How does this usage of the composition operator work without a second argument?

Question

I came across a usage of the . operator that I don't quite understand.

I tried to reason about it myself, but the conclusion I reach is different from what GHCI produces.

I'm using :t to inspect the type of the expression.

The functions I'm using are the last and (.), which have the following signatures:

last :: [a] -> a
(.) :: (b -> c) -> (a -> b) -> a -> c

The function I am confused about is this:

(last .)

I am not sure what this construct is, but I assumed that it would be similar to function composition. Using my reasoning, I would expect this to produce the following function:

(last .) :: (b -> [c]) -> (a -> b) -> a -> [c]

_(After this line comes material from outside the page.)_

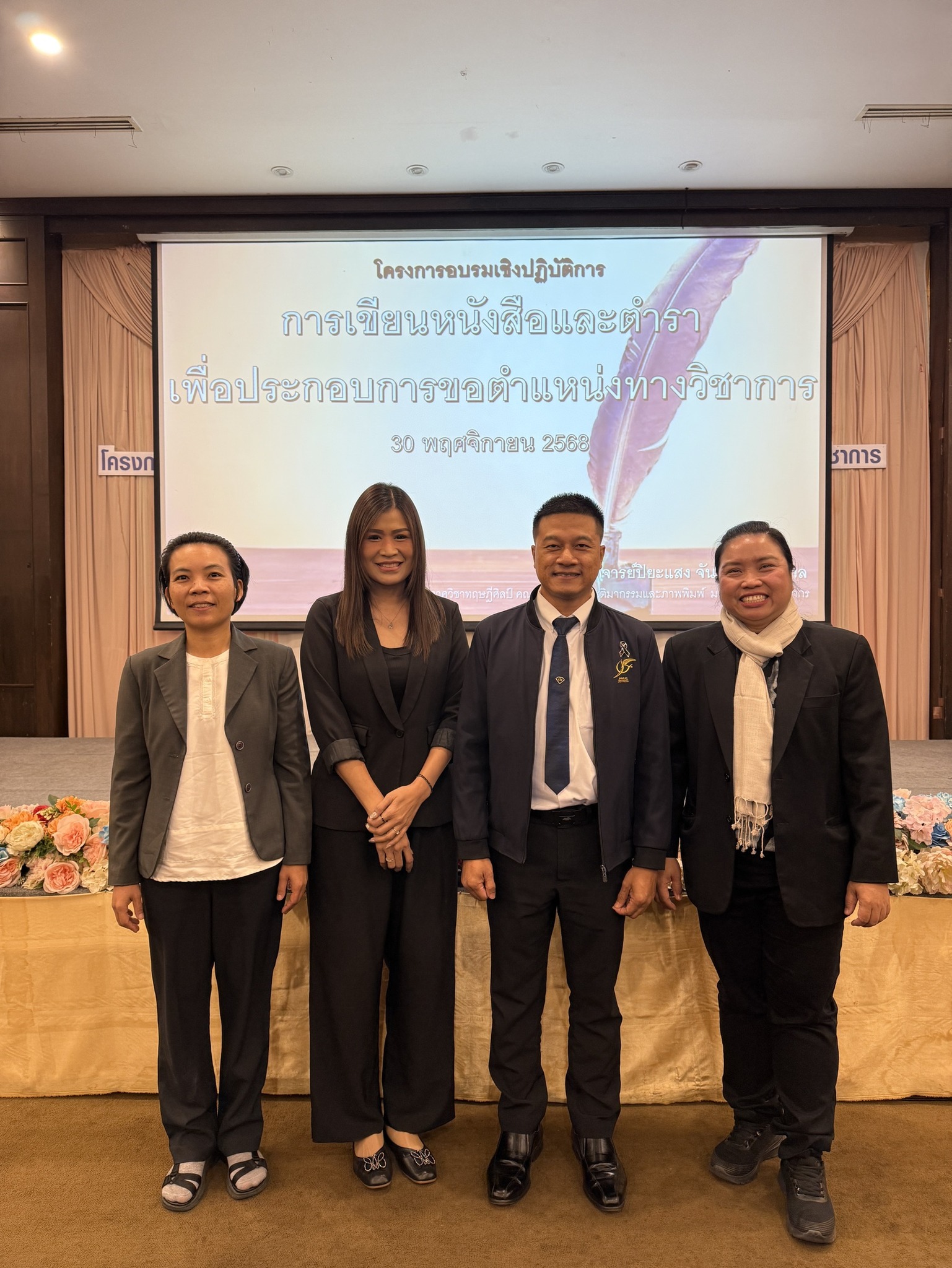 เมื่อวันที่ 30 พฤศจิกายน 2568 รองศาสตราจารย์ ว่าที่ร้อยตรี ดร.นิโรจน์ สินณรงค์ ผู้ช่วยศาสตราจารย์ ดร.พิมพ์ชนก สังข์แก้ว รองศาสตราจารย์ ดร.รภัสสรณ์ คงธนจารุอนันต์ และอาจารย์วาสนา สุขกุล เข้าร่วมโครงการอบรมเชิงปฏิบัติการ : การเขียนหนังสือและตำราเพื่อประกอบการขอตำแหน่งทางวิชาการ ณ โรงแรมเชียงใหม่แกรนด์วิว

What :t actually gives me is this:

(last .) :: (a -> [c]) -> a -> c

Answer 1

This is an example of infix operator sectioning [Haskell-wiki]:

(...)

(2^) (left section) is equivalent to (^) 2, or more verbosely \x -> 2 ^ x.

So we here constructed a function that looks like:

\f -> last . f

or shorter:

(.) last

The (.) :: (b -> c) -> (a -> b) -> a -> c function takes two functions g and h, and creates a function \x -> g (h x). Here g is thus last.

We thus created a function that takes as input a function f :: b -> [c], that then returns last . f.